Task brief: Exact reproduction of the listing is required. Pictures are not reproduced.

*** Opening Source data ***

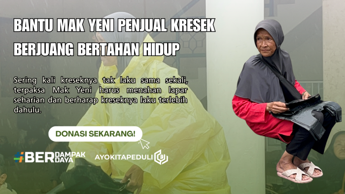 Mari bantu Mak Yeni. Sekecil apa pun donasi Anda, sangat berarti untuk mengubah hidupnya. Karena tidak seharusnya seorang ibu berusia 66 tahun bertahan hidup hanya dengan menjual kantong kresek seikhlasnya.
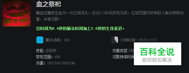 血之祭祀是血魔对一个范围释放技能,短暂延迟后受到技能影响的单位会受到伤害并被沉默。
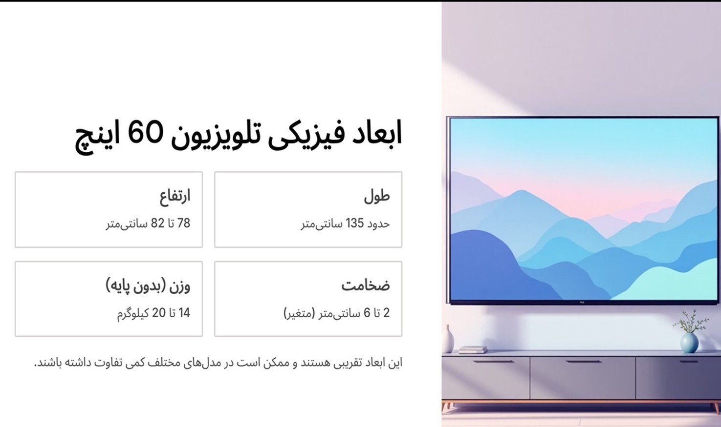 ابعاد تلویزیون 60 اینچ | سایت افق میهن

*** Closing Source data ***

Answer for the task:
 Mari bantu Mak Yeni. Sekecil apa pun donasi Anda, sangat berarti untuk mengubah hidupnya. Karena tidak seharusnya seorang ibu berusia 66 tahun bertahan hidup hanya dengan menjual kantong kresek seikhlasnya.
 血之祭祀是血魔对一个范围释放技能,短暂延迟后受到技能影响的单位会受到伤害并被沉默。
 ابعاد تلویزیون 60 اینچ | سایت افق میهن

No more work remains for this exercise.